From there, the page is parsed and sent to a helper function.

1:  airline_code_parser = page.parser  
2:  storage = []  
3:  destination_airports = []  
4:  #find all non-red airline links in the table  
5:  airlines = extract_column_airlines(airline_code_parser, "Airline")  

1:  def extract_column_airlines(page, column_name)  
2:       airport_links = []  
3:       table_width = 0  
4:       airport_index = 0  
5:       #parse the table head and return the index of the "Airport" column as well as the total column count.  
6:       page.css('table.toccolours.sortable th').each do |c|  
7:            if c.text.eql?(column_name)  
8:                 airport_index = page.css('table.toccolours.sortable th').index(c)  
9:                 table_width = page.css('table.toccolours.sortable th').length  
10:                 break  
11:            end  
12:       end  
13:       #parse the table rows  
14:       page.css('table.toccolours.sortable tr').each do |tr|  
15:            #for each each row, parse the columns  
16:            tr.css('td').each do |td|  
17:                 #if the column's index modulous the width is equal it to the desired index  
18:                 if tr.css('td').index(td)%table_width == airport_index  
19:                      #retrieve the link within that column.  
20:                      td.css('a').each do |a|  
21:                           if a['href'].to_s.include?("redlink=1") == false  
22:                                airport_links.push(a['href'].clone)  
23:                           end  
24:                      end  
25:                 end  
26:            end  
27:       end  
28:       return airport_links  
29:  end  

The helper function takes two arguments, a Nokogiri object and a string. The method then locates the table with class="tocolours sortable" and iterates through the table header elements. When it finds a header matching the supplied string it saves the index of that header as well as the length of the header array being iterated through.

The method then iterates through each row in the table extracting the links contained within the column matching the index retrieved earlier. You'll notice that "redlink=1" results in the link being discarded. Links with "redlink=1" in the href are known bad links, so by doing this a large portion of the links in the table are automatically discarded as they're known to lead nowhere. Links that are not discarded are pushed onto the array airport_links and the array is returned at the end of the method.

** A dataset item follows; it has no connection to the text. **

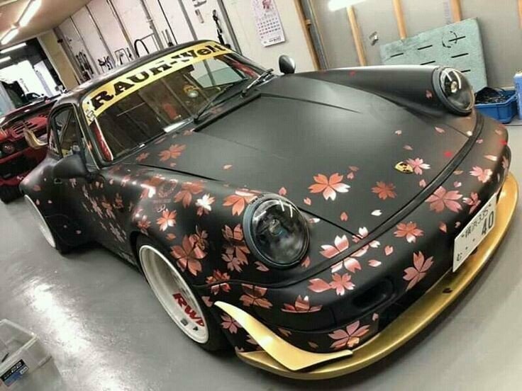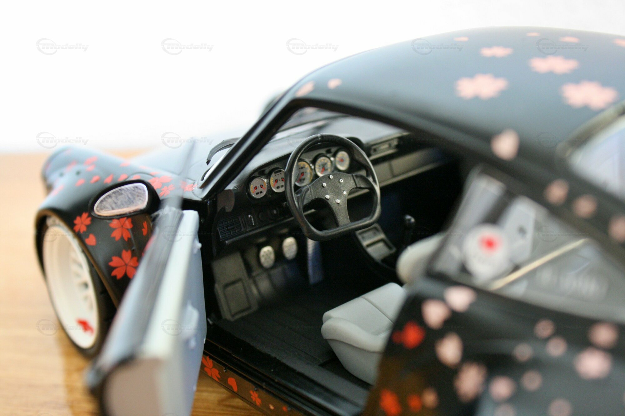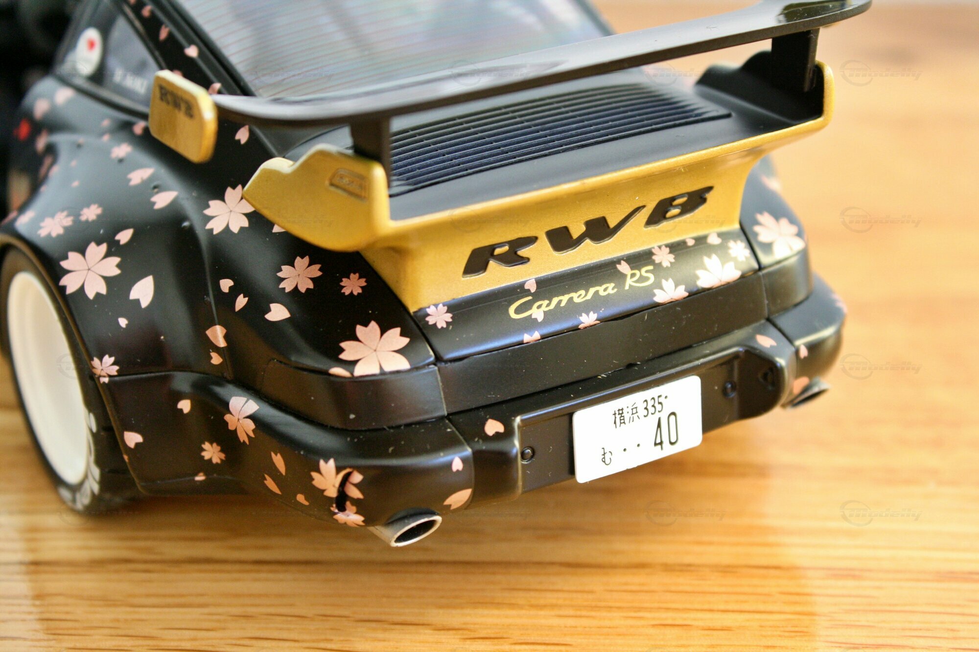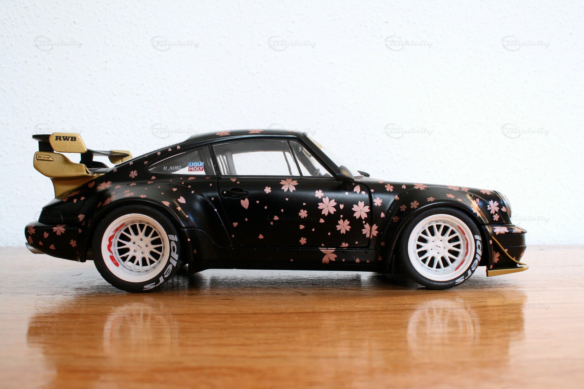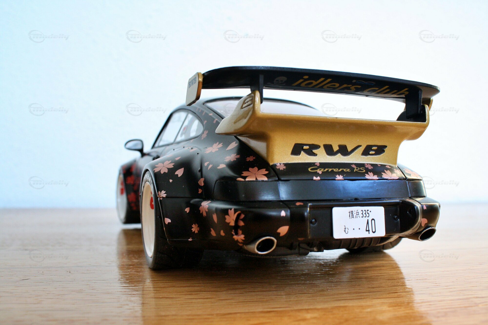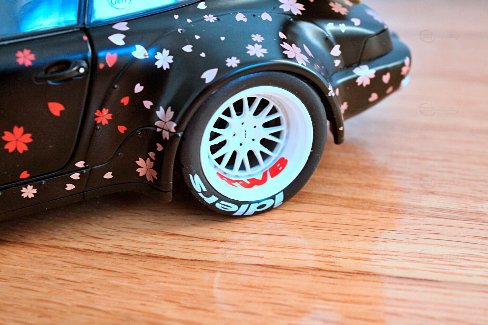 Dieses Modell im Maßstab 1:18 zeichnet sich durch seine spezielle Lackierung aus, die mit Kirschblüten-Motiven versehen ist. Die schwarzen und goldenen Farbtöne kombiniert mit den detaillierten Kirschblüten verleihen dem Modell eine einzigartige Ästhetik. Auffällig sind auch die weißen Felgen, die typischerweise von Work Wheels stammen und in diesem Fall eine perfekte Ergänzung zu den ungewöhnlichen Farbschemas darstellen. Auf der Windschutzscheibe prangt ein großes „Rauh-Welt Begriff“-Banner, ein weiteres charakteristisches Detail, das diesem Modell zu seiner Authentizität verhilft. Modellauto-Sammler, wie der Modelly-Mitglied „Play-X“, werden sicherlich die präzise Verarbeitung der Details, wie den goldenen Schriftzug und den maßgeschneiderten Heckflügel, zu schätzen wissen.

1:  airlines = extract_column_airlines(airline_code_parser, "Airline")  
2:  #iterate through those links  
3:  airlines.each do |d|  
4:       puts d  
5:       #Visit each airline page  
6:       begin  
7:       airline = agent.get('http://en.wikipedia.org' + d)  
8:       rescue Mechanize::ResponseCodeError, StandardError => e  
9:            puts "Error fetching airline pages: " + e.to_s  
10:       end  
11:       #Build the nokogiri object  
12:       airline_parser_object = airline.parser  
13:       #Extract the airline name from the page title by trimming off the wikipedia suffix  
14:       airline_name = airline_parser_object.title.slice(0, airline_parser_object.title.length-35)
15:       #search for a main destinations article
16:       main_dest_page = find_main_destinations(airline_parser_object)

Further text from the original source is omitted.